Odontogenic cyst is most commonly seen between 10 to 30 years of age and may remain asymptomatic throughout life. In such cases it is usually diagnosed incidentally on skull or tooth radiograph. In others, it may present with the classical symptoms of sinus disease [3]. If left untreated, the natural history of the disease is to grow in size with increasing accumulation of fluid. It can destroy the walls of the maxilla in its process and encroach onto the orbits [6]. The cyst may cause pathological fracture or get secondarily infected [2]. Rare incidences of malignant transformation into squamous cell carcinoma, mucoepidermoid carcinoma or an ameloblastoma have also been reported in literature [3]. It is usually associated with the crown of a permanent tooth, deciduous teeth are rarely involved.
Gold in 1963 introduced the terms keratinizing and calcifying odontogenic cysts.
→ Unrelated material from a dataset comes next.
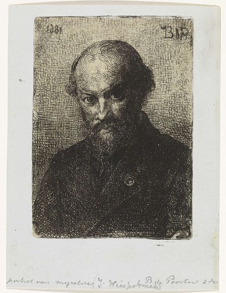 Editor: Here we have Bastiaan de Poorter’s self-portrait from 1863, created using drawing techniques with ink, graphite, and charcoal on paper. It feels remarkably intimate; like a direct, almost confrontational gaze from the artist. What's your interpretation? Curator: I see the etching as a product of its time, a period heavily influenced by the rise of individual expression and self-awareness fostered by burgeoning democratic ideals. How does an artist, particularly one from the middle class, begin to represent themselves? This portrait exists within a context of evolving social structures and increasingly accessible artistic tools. Editor: Interesting. I hadn’t considered the social accessibility aspect. Curator: Precisely. Consider the printmaking medium. Prints offered greater affordability and wider distribution compared to painted portraits, challenging the traditional dominance of the aristocracy in image-making. Editor: So, it democratizes portraiture? Curator: Indeed. It puts self-representation into the hands of a broader demographic, reflecting a shift in societal power dynamics. This wasn't simply about vanity; it was a claim to visibility and agency within a changing social landscape. How does the somewhat melancholic mood play into this claim, do you think? Editor: I guess that the direct gaze and sombre expression aren't just personal; they become almost a statement of individual worth outside of established hierarchies. Curator: Exactly. It moves portraiture away from celebrating solely wealth and status toward capturing internal states of being and the value of lived experience in the modern era. This resonates deeply, especially considering the changing socio-political context of the 19th century. Editor: It makes me rethink what a self-portrait could signify back then; it wasn't just about looks. Curator: Right, and the proliferation of printed images undoubtedly helped shape public perception and the role of the individual artist in society. Hopefully, this conversation allows us to question some of our pre-conceived notions and explore this work from a different vantage.

Dentigerous cyst has been defined as one which is attached at the cement-enamel junction and encloses the crown of an unerupted tooth. Keratinizing dentigerous cyst which, to the best of our knowledge, has been reported only twice in the literature in 1971 and 2014 [7, 8]. This is the third case of Keratinizing dentigerous cyst to be reported in world literature and the first of its kind arising from a supernumerary tooth.
Philipsen in 1956 suggested the term Odontogenic Keratocyst (OKC) for all Odontogenic cysts, regardless of type, showing keratinization of the epithelium. More recently, an OKC is defined by other characteristics of the epithelium such as basal palisading, hyperchromatism of nuclei and cell thickness of the epithelium and not merely the presence of keratinization. The term “keratinizing odontogenic cyst” has been suggested for any cyst, regardless of the type, that shows keratinisation [8]. Our patient did not show any evidence of OKC on histopathology. There was no recurrence clinically and radiologically even after 6 months of follow up.
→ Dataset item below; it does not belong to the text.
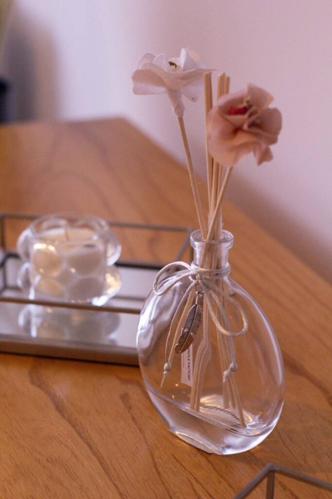 Difusor de aromas, en envase de plástico. Capacidad 125 cc. Incluye varillas de rattán color natural.

The significance of keratinization in odontogenic cysts is not fully known. Keratinization is the final product of epithelial cell differentiation. However, dentigerous cysts, thought to arise from reduced enamel epithelium, are products of end cells, i.e. cells that have completed synthesis (enamel formation). It is possible that the dentigerous cyst is a primordial variant, arising from more primitive cells of the developing enamel organ [8].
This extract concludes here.